Much has been made over a scene written by Goldman that was shot but never put into the final version of Butch Cassidy and the Sundance Kid. Hill had used several devices (such as the opening newsreel footage and the sepia sequences) to call attention to the film as a piece of fiction, thereby foregrounding the effect of media and popular culture on the creation of the Butch and Sundance myth. This was an important element of a scene in which Cassidy, the Kid, and Etta are in a Bolivian cinema and see a screen re-enactment of their gang, depicting Butch and Sundance as ruthless killers gunned down by the law. As the two men watch incredulously, shouting at the screen that it didn't happen that way, Etta walks off to the station to catch the train that would begin her journey back to America. In an earlier scene, she had told the men she would do anything for them except stay and watch them die, and Hill felt that this was sufficient and that the inclusion of the movie theater scene would have been "a little heavy-handed and unnecessary." Many others wanted him to keep the scene in, but he decided it was contrived. Unfortunately, the scene would have probably given Etta's character more depth and dimension.
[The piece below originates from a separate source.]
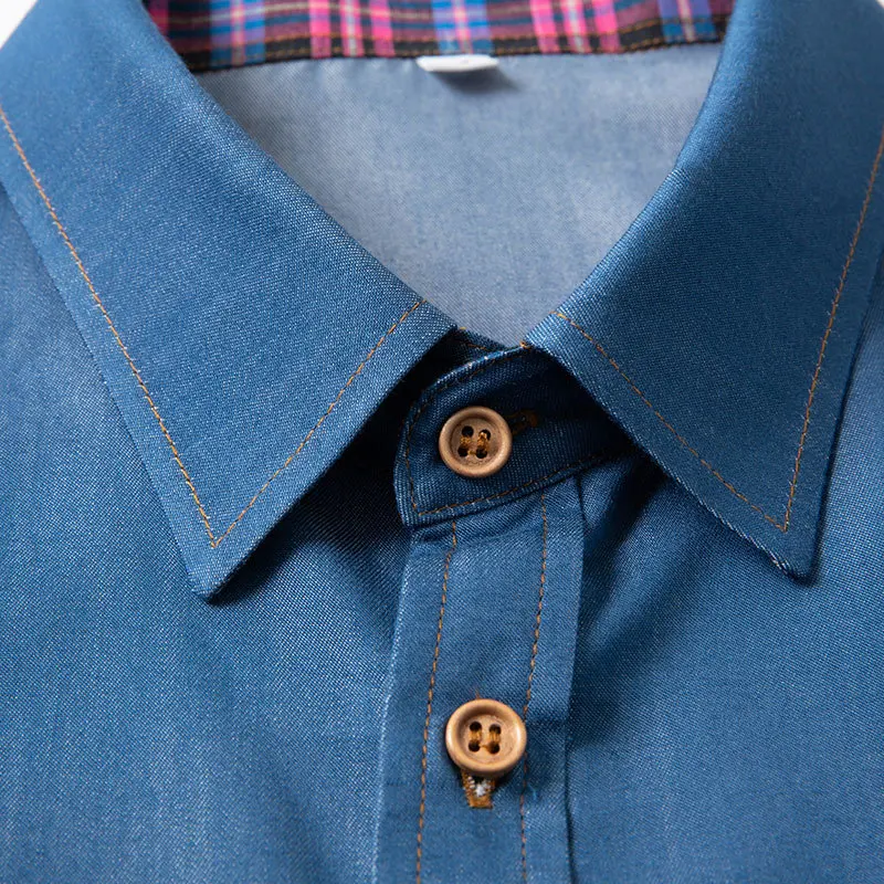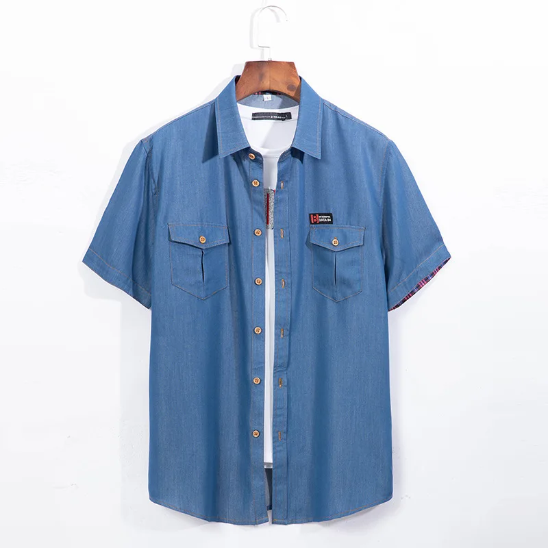 Рубашка мужская джинсовая с коротким рукавом, модная повседневная свободная ковбойская блуза из денима, брендовая однотонная, большие размеры 5XL 6XL, лето 2022

Although Goldman wrote the dialogue for the final scene in which the characters, instead of showing awareness of their doomed situation, talk about a possible move to Australia, it was reportedly Hill who had the idea of showing them tenderly bandaging each other's wounds. About halfway through production, Hill told Screen International magazine he also decided to end the picture on a freeze frame, "leaving them in almost mythic form...I have no stomach for real violence. My back was out when I was working on the film, and so they padded me around on a stretcher. While being driven to and from location, I managed to figure out the whole ending, and I don't think I would have done so had I not been so incapacitated."
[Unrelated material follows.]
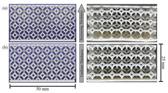 Multi-material as well as functionally graded lattices have also been studied to modulate the density in order to optimize both the mechanical, thermal and electromagnetic behavior [,,,,,,,,,,]. Brauer and Aukes [] investigated different methodologies to induce a spatially graded transition on 3D printed materials showing that the best performance can be achieved by a transition process that can provide an equilibrium between the gradual change in material properties and the mechanical bond.

Cinematographer Conrad Hall said he overexposed much of the film because he thought the lightness of the story did not require dramatic lighting and color, but that Fox and DeLuxe (the color film processing company) brought back a lot of the richness of tones, as was their trademark style.
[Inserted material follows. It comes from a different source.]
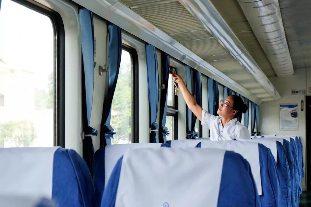 8月9日,在五凤溪火车站停留的T8865/6次列车上,列车长侯俊芳正在对硬座至硬卧车厢进行安全检查。“天黑入夜前,我们需要对全列门窗锁进行一次检查。”侯俊芳一边仔细的检查车厢车窗,一边擦着额头的汗珠。

Hall said it was Hill's decision not to show the posse very clearly and that radios were used to coordinate shooting them from a great distance. He was especially pleased with the fortuitous timing in some of those scenes, such as one shot where Newman and Redford come over the rocks, just before they leap, and the posse is seen at the last moment, far off in a small clearing. "I operated [the camera for] that one myself," Hall told interviewer Leonard Maltin. "I'm a good operator, and I love to do it....I like to do it whenever I can."
Hall was not pleased with the night shots in Butch Cassidy and the Sundance Kid, such as the one in which a man is selling bicycles down on the street. He thought they had too much light and shadows and told Maltin he preferred really dark night shots, such as the ones in Bonnie and Clyde (1967).